INFORMATION SHOWN.
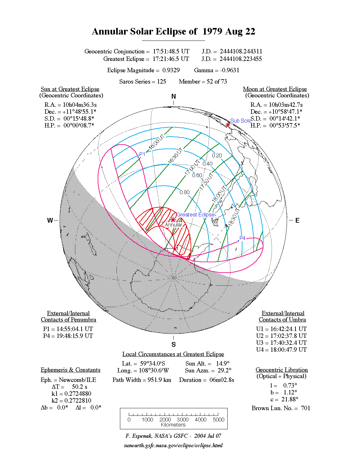 - Path Table: Annular Solar Eclipse of 1979 Aug 22 - coordinates of the central line and path limits
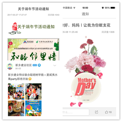 漯河、鄭州、洛陽(yáng)等分公司將親子運(yùn)動(dòng)會(huì)、鄰里旅行、消夏音樂(lè)節(jié)、藝術(shù)團(tuán)義演等活動(dòng)引入社區(qū),倡導(dǎo)業(yè)主以全新理念暢享新型生活方式,感受鄰里共處的曼妙時(shí)光,體驗(yàn)建業(yè)物業(yè)獨(dú)具特色的社區(qū)文化。新鄉(xiāng)、焦作等分公司充分利用建業(yè)一家APP、微信等載體,實(shí)現(xiàn)線(xiàn)上線(xiàn)下的充分互動(dòng),更是贏得了業(yè)主的一致好評(píng),極大的提高了業(yè)主參與度和滿(mǎn)意度。而書(shū)法、讀書(shū)會(huì)、籃球、太極等等社群組織的組建、運(yùn)營(yíng)和活躍,亦是本階段的重要成果。
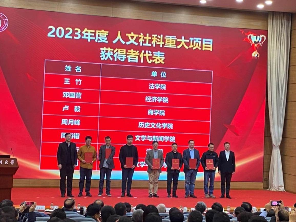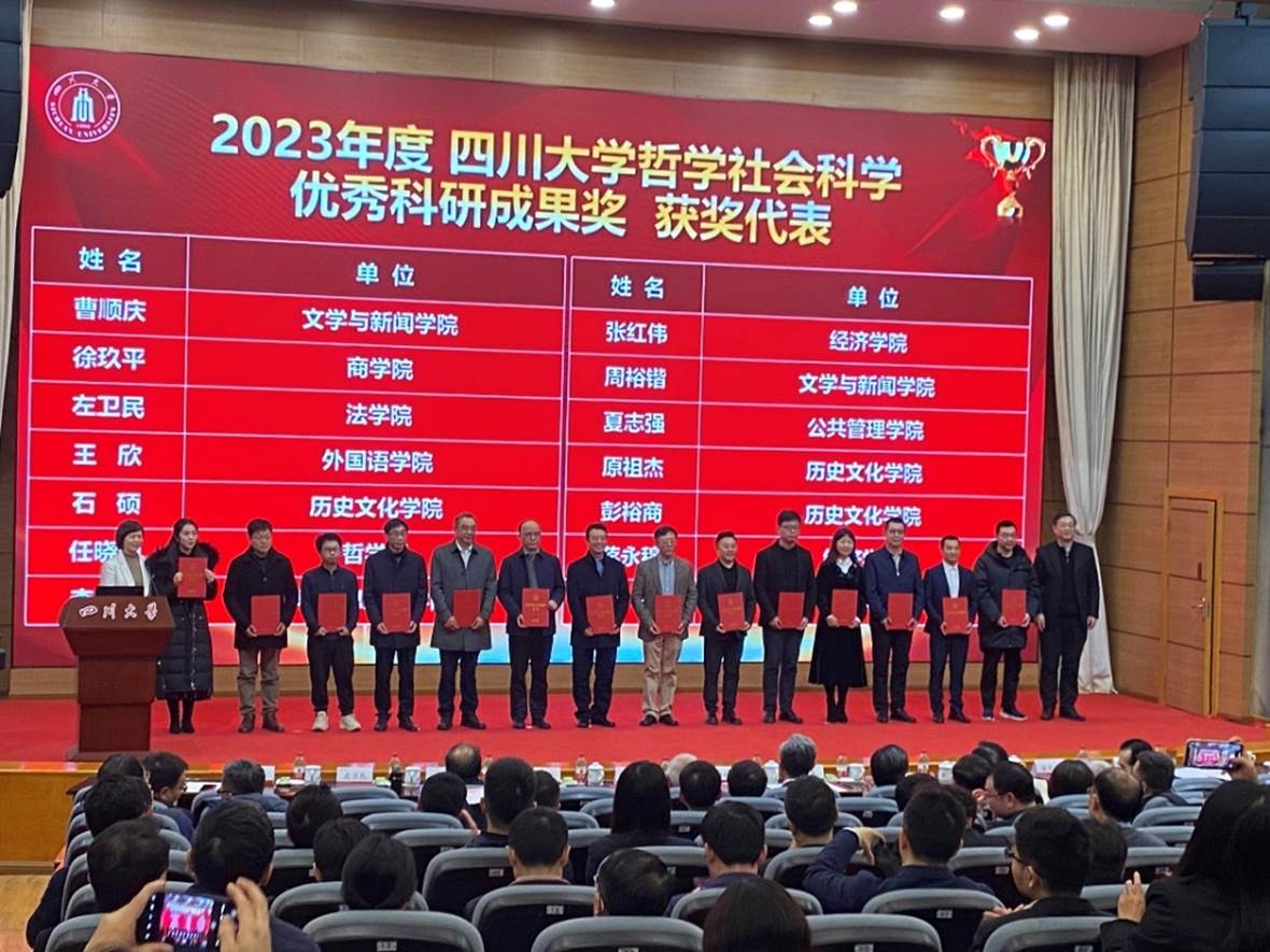 2023年学院科研工作取得佳绩:获得国家社科基金面上项目立项数12,在全校各文科院(系)排名第一;获国家社科基金各类项目立项数17,在全校各文科院(系)排名第一;到校科研经费到校在全校各文科院(系)排名第二。学院蒋晓丽教授、周裕锴教授获2023年度国家社科基金重大项目;曹顺庆教授、周裕锴教授获2023年度寸止挑战 哲学社会科学优秀科研成果奖;曾玉洁老师获科研管理先进个人奖。

BRIEF. The expected output is the full material above, word for word, without pictures.

RESPONSE.
 - Path Table: Annular Solar Eclipse of 1979 Aug 22 - coordinates of the central line and path limits
 漯河、鄭州、洛陽(yáng)等分公司將親子運(yùn)動(dòng)會(huì)、鄰里旅行、消夏音樂(lè)節(jié)、藝術(shù)團(tuán)義演等活動(dòng)引入社區(qū),倡導(dǎo)業(yè)主以全新理念暢享新型生活方式,感受鄰里共處的曼妙時(shí)光,體驗(yàn)建業(yè)物業(yè)獨(dú)具特色的社區(qū)文化。新鄉(xiāng)、焦作等分公司充分利用建業(yè)一家APP、微信等載體,實(shí)現(xiàn)線(xiàn)上線(xiàn)下的充分互動(dòng),更是贏得了業(yè)主的一致好評(píng),極大的提高了業(yè)主參與度和滿(mǎn)意度。而書(shū)法、讀書(shū)會(huì)、籃球、太極等等社群組織的組建、運(yùn)營(yíng)和活躍,亦是本階段的重要成果。
 2023年学院科研工作取得佳绩:获得国家社科基金面上项目立项数12,在全校各文科院(系)排名第一;获国家社科基金各类项目立项数17,在全校各文科院(系)排名第一;到校科研经费到校在全校各文科院(系)排名第二。学院蒋晓丽教授、周裕锴教授获2023年度国家社科基金重大项目;曹顺庆教授、周裕锴教授获2023年度寸止挑战 哲学社会科学优秀科研成果奖;曾玉洁老师获科研管理先进个人奖。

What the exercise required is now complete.